As in any area
of life where art is applied, fashion interacts with the society and is
affected by the changes adopted in it. Fashion, on the whole, reveals the most historical
epochs and events. Thus, the XVII century introduced the pretentiousness of
royal ensembles from the opulent silk with embroidery and the simplicity of the
Puritan attire at the same time.
The entire century
was famous for the drastic change of fashion tendencies, as never in the
history. The fashion of early XVII century dictated too fluffy gowns with high
collar in many layers, high waistline and extremely puffed sleeves. The second half
of the century the fashion undergone sea changes and wide gowns with higher
waistline were replaced by slimmer upright silhouettes with the horizontal
accent onto the shoulder line.
Wide and
puffed sleeves that end at the elbow line or a bit lower became narrower and
longer. In the second half of the XVII century
a girdle found the way to hearts of ladies which was a perfect tool to support
the breast alluringly making it look higher and bigger and the waist- slimmer.

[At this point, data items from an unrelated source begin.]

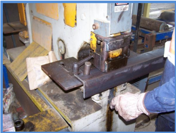
Above: As does the Punch and Shear 12600 holes later.
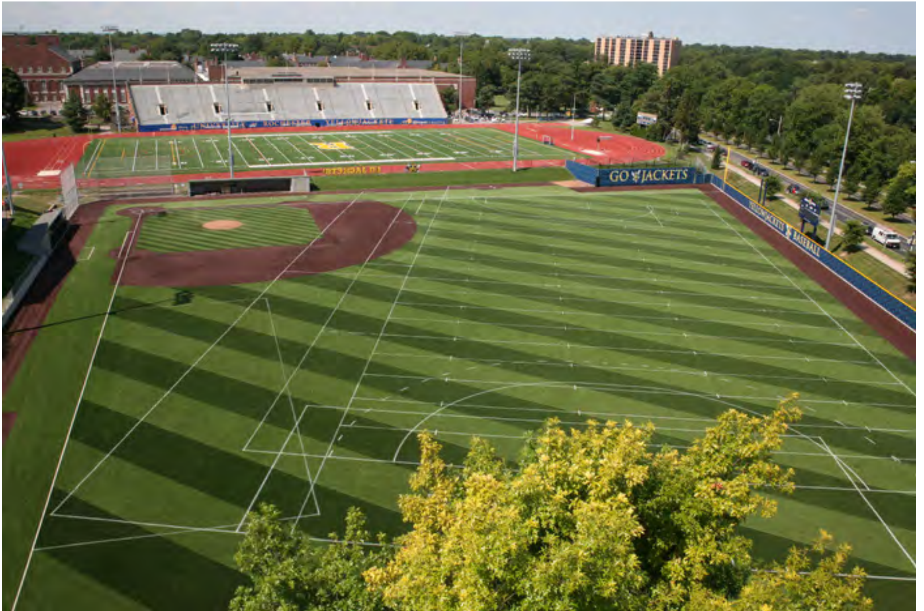
Multi-purpose ball fields
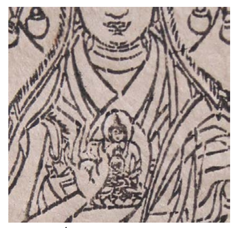
Fig. 10: Śākyamuni and Vajradhara at the heart of Tsong kha pa
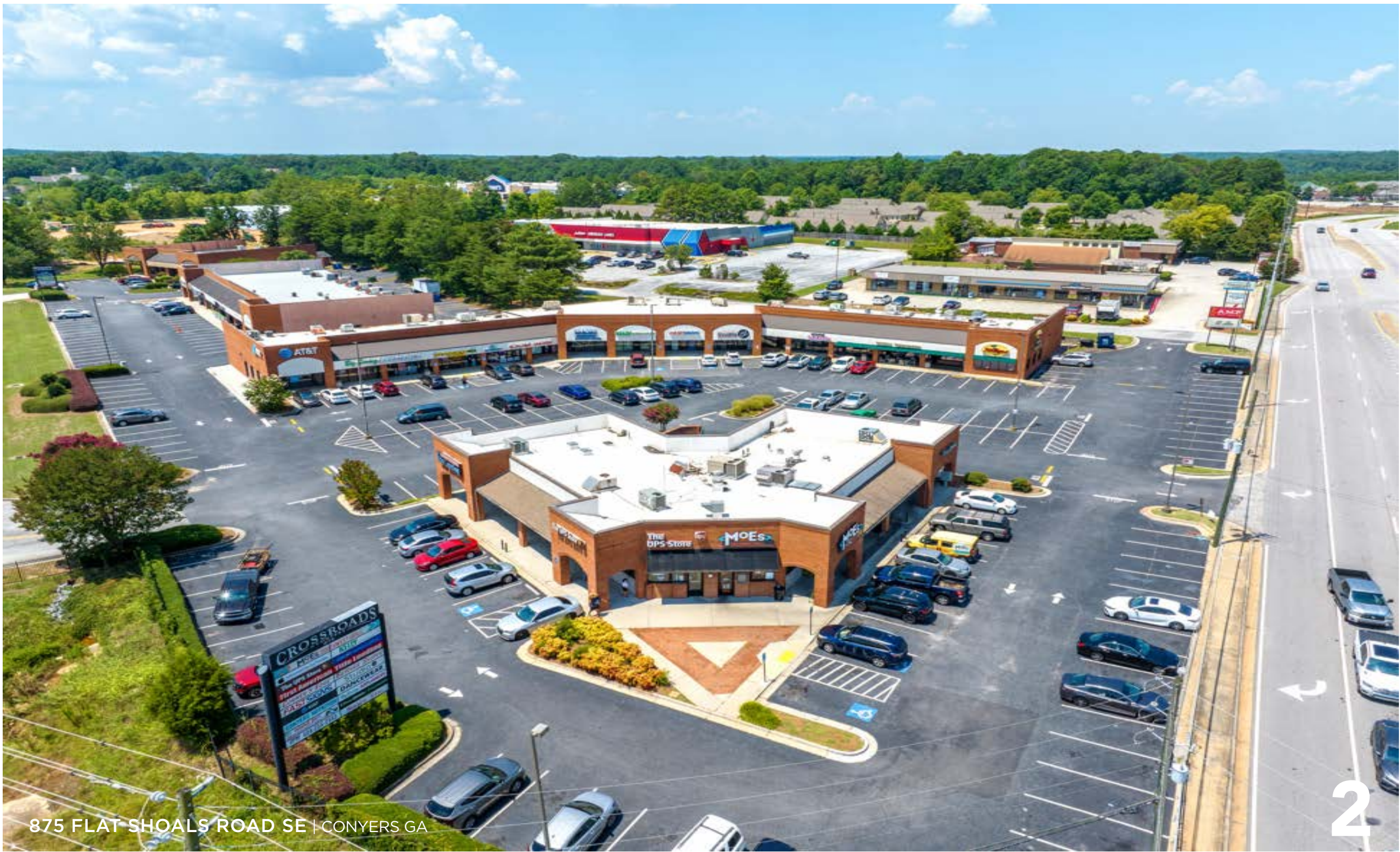
875 FLAT SHOALS ROAD SE | CONYERS GA
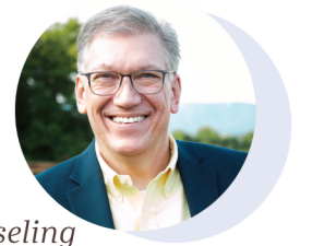
Pastor of Biblical Counseling
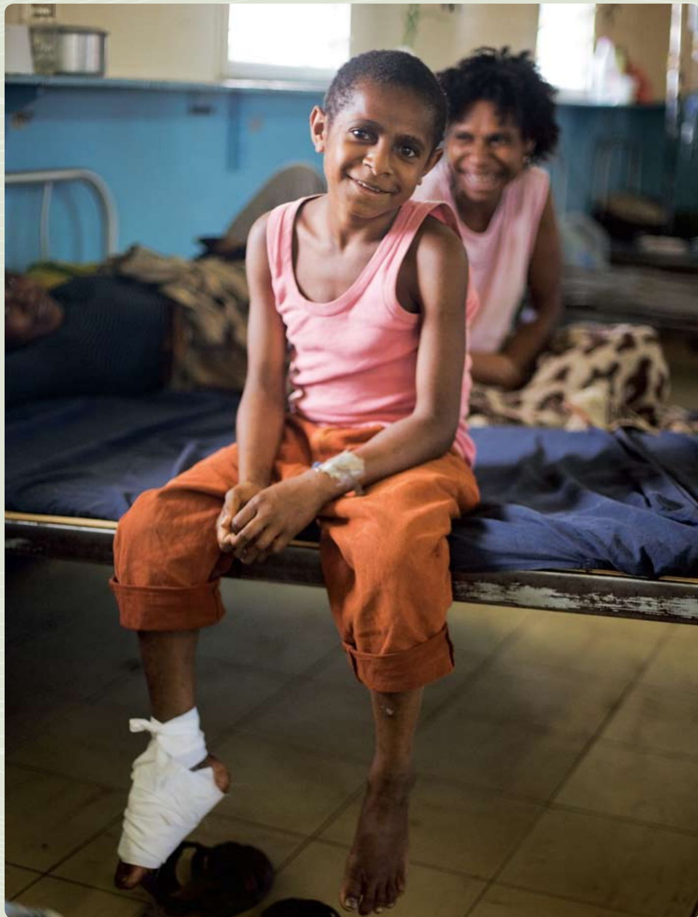
COMPASSIONATE CARE: Volunteer doctors and dentists serving with World Medical Mission provide physical and spiritual care for their patients, including this boy in Papua New Guinea.

So they set out and went from village to village, preaching the Gospel and healing people everywhere.
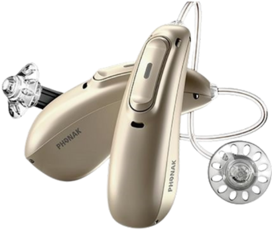
Receiver-in-Canal (RIC) Smart & Rechargeable

In the end of the century a more fetching and seductive trend was set when the
upper skirts were slightly rose revealing the petticoat usually embroidered and
decorated with some details to enjoy.
In the end
of the XVII century a new garment was introduced to find its niche for ever
times, that is fur coat offered as the loose mantel letting down the shoulders
to the floor. This caper was the nice substitute of traditional match of fluffy
skirt and the tightly-fitted bodice. The new look was far more modest and reserved
than the dresses with too open low neck and girdles. However, the new attire was
also decorated with bows, bands and ruches.
Another innovation
was introduced in the late XVII century. Since ladies of the high society in France and in England never yielded to men, going
together with them to hunt or ride, the fashion designers created special
attire for riding for them. Such ensembles were consisted of the special
comfortable coats which resembled men’s coats to wear over the long petticoat to
the ankle line. Those who criticized such innovations stated that the only
thing to differ between men and women was the long skirt.
The early
XVII century was known for the most fashionable fabric adopted at the royal
courts and high society – the silk with the elegant floral embroidery. That period
of the epoch was flourishing and favorable for the finest lace and all the
attire for men and women were decorated with laced details. The liking for the
floral motifs was not long-term, though and in 20s of the XVII century the
lavish single-color satin replaced the laces, and the embroidery was
substituted by bows and ribbons.
More modest
and temperate types of fabric were used beyond the royal court and high society
salons and women mainly wore clothes made from dyed flax or wool.
The XVII century
was famous for the civil war in Great
Britain and occurrence of new religious
trends which were then demonstrated in fashion. In the early XVII century the
royal court followed the delicate and lavish French style and a little bit
later, with the flourishing or Puritanism, more temperate attires of darker
shades were in.
The Protestant
and Catholic churches both undertook the attempts to reduce the eccentricity of
attires the high society accustomed to making it look plain. So, in the early '30s of the XVII century Louis XIII, the
Queen of France, issued two acts of law forbidding clothes with laces and lavish
embroidery for everyone apart from the noble persons. Also the use of ruches
and bows was restricted to zero.
The Puritan
church followers introduced the unpretentious dark colors into the fashion
along with the mild cut. Yet, the cheering low neck was replaced by modest
dresses with a higher collar and hats to cover the hair. Both men and women avoided
clothes of vivid colors, glittering fabric and plenty of accessories.
The most trendy
colors favored by puritanical and Genevan ladies included dark-brown,
brown-to-red and dark-green. The black dresses were kept for special cases
since the black dye was extremely expensive and quickly faded. There was nothing
left from the complimentary silk and satin loved by French and English
aristocrats in the clothes of Puritans. The most demanded fabric was wool and flax,
and dresses were seldom trimmed with lace.